TASK BRIEF:
Find, in the records below, the line that contains "صلاح الوديع شاعر وفاعل دولي" and the line that contains "An der Pumpstation". Copy those two lines and everything between them exactly, but not the pictures.

Top of RECORDS

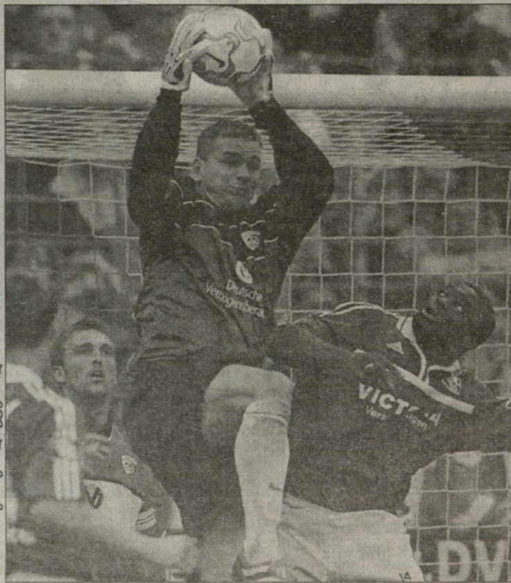
კაი ვერსლანდის გოლი — შალკე მასპინძელთა მეტყვე გეორგ კოსმა...
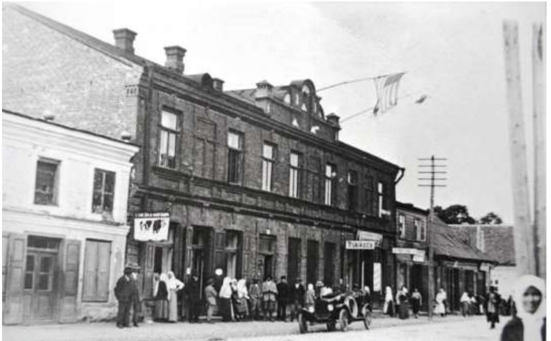
Võru linna raekoda, milles praegu asuvad linnavalitsuse ametruumid.
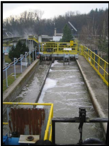
5 Dissabbiatura e disoleazione
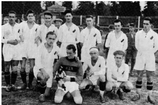
Slika 5: Moštvo SV Rapida ob koncu dvajsetih let.
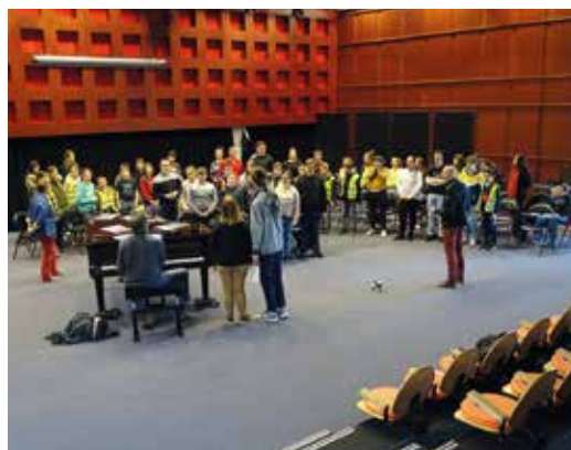
▲ Rallye citoyen organisé pour les 400 élèves de 6 e de la commune afin qu'ils prennent conscience de l'importance de leur place en tant que citoyen. Concert partagé avec les élèves de l'IME Pen Bron de la Fleuriaye.
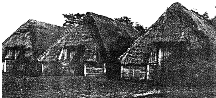
Kútske stodoly v minulosti

Stodoly sa v Kútoch stavali na miernych, neúrodných, piesočnatých vrškoch, aby nezaberali úrodnú zem a aby v nich nebolo vlhko. Väčšinou stáli medzi stromami, ktoré mali zachytiť prípadné letiace iskry ohňa. Slúžili tiež ako bleskozvod. Z obavy pred požiarom sa stavali ďaleko od domov. Keď zhoreli domy, stodoly zostali. Boli celé z dreva, pokryté slamou alebo doskami. Stodola mala obdĺžnikový tvar. Vchádzalo sa do nej „vrátami“ [7] , ktoré boli na obidvoch užších stranách. Uprostred bola „mlatovňa“ z ubitej hliny. Tu sa mlátilo v zime, keď už nebolo inej práce. Vnútri bolo šesť „úrebier“, na každom konci dve „plevničky“ [8] . Do úrebí sa dávalo obilie a slama, seno sa ukladalo na „holovi“ [9] alebo na „patro“ [10] . Strecha bola zakončená „nárožníkmi“. Na „kálenicu“ [11] sa dávalo „pazderi“. Zo strachu pred klincom v krmive pre dobytok, nepoužil sa pri stavbe stodoly ani jeden.
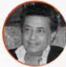
صلاح الوديع شاعر وفاعل دولي
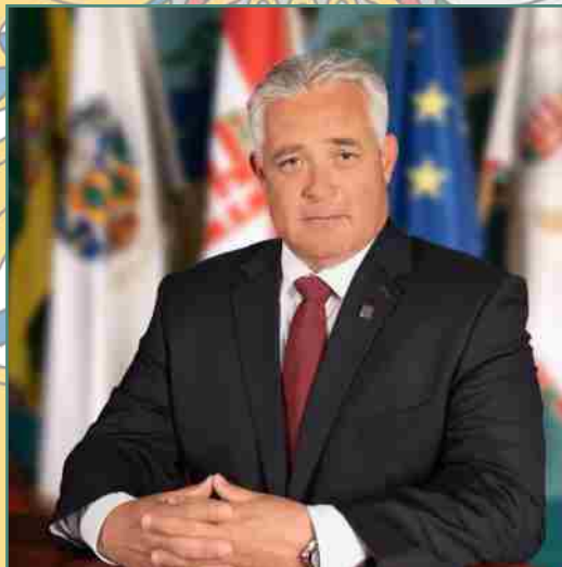
Holoivits Huba polgármester Fidesz
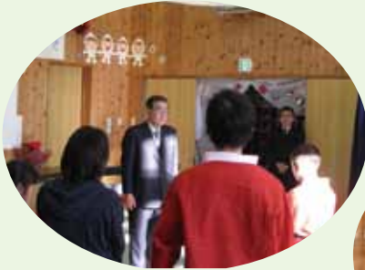
子どもの感謝の言葉を 受け取る本多会長
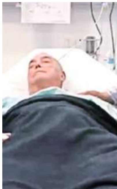
El Obispo continúa en el hospital.
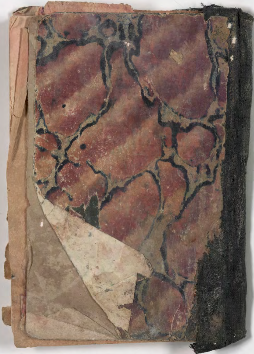
قطعة شظية مرئية من كتاب مجلدّ
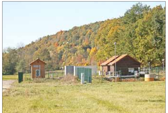
An der Pumpstation der Wismut GmbH im Gessental laufen die Baumaßnahmen zusammen

Für den sicheren Betrieb der Pumpenstation (Abbildung 2) wird der unterirdische Pumpenvorlagebehälter vergrößert. Diese Arbeiten beginnen voraussichtlich Ende 2016. Eine kleine Baustelle wird zeitweise unmittelbar östlich der Kläranlage Ronneburg eingerichtet. Hier finden derzeit bergtechnische Erkundungen im Bereich einer alten Bohrung statt, die später verwahrt werden soll.
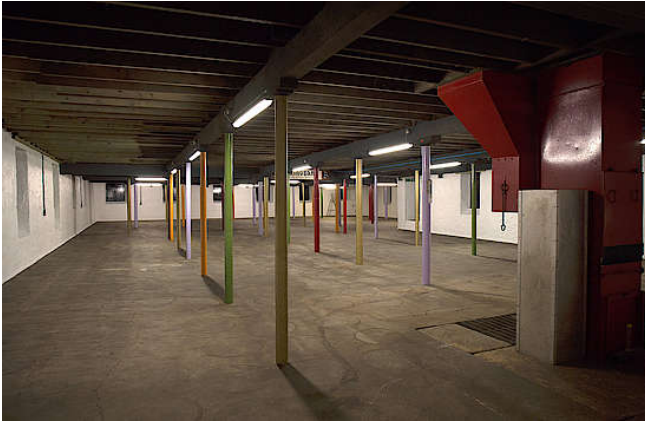
Malzboden von Springbank

Springbank ist eine der letzten Brennereien in Schottland, die ihr Malz zu 100 Prozent selbst herstellt und nicht von industriellen Mälzereien bezieht.
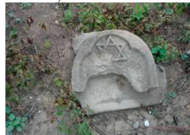
Fig. 4. Monument funerar sfărâmat, așezat grămăjoară (cimitirul evreiesc ortodox din Satu Mare)
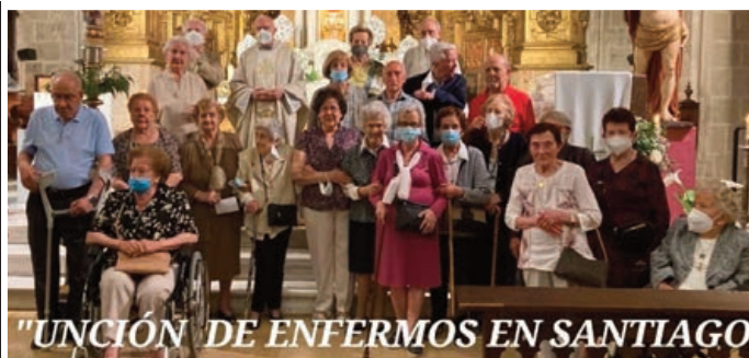
"UNCIÓN DE ENFERMOS EN SANTIAGO"

La parroquia de Santiago de Valladolid aprovechó la Pascua del Enfermo para administrar a los fieles el sacramento de la Unción de Enfermos.
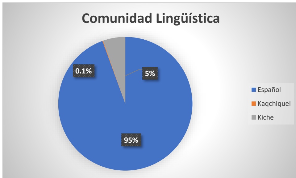
Grafica No. 2 Frecuencia Según Comunidad Lingüística
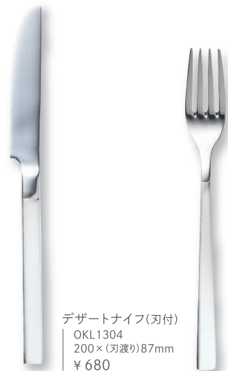
デザートナイフ(刃付) OKL1304 200×(刃渡り)87mm ¥ 680

飾り気のない上品さでスイーツを真の主役へと引き立たせる。 柄のラインがアクセントとなり空間に落ち着きを与えます。
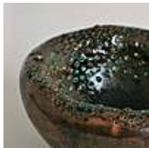
Praca nr 43

Bottom of RECORDS

RESULT:
صلاح الوديع شاعر وفاعل دولي
Holoivits Huba polgármester Fidesz
子どもの感謝の言葉を 受け取る本多会長
El Obispo continúa en el hospital.
قطعة شظية مرئية من كتاب مجلدّ
An der Pumpstation der Wismut GmbH im Gessental laufen die Baumaßnahmen zusammen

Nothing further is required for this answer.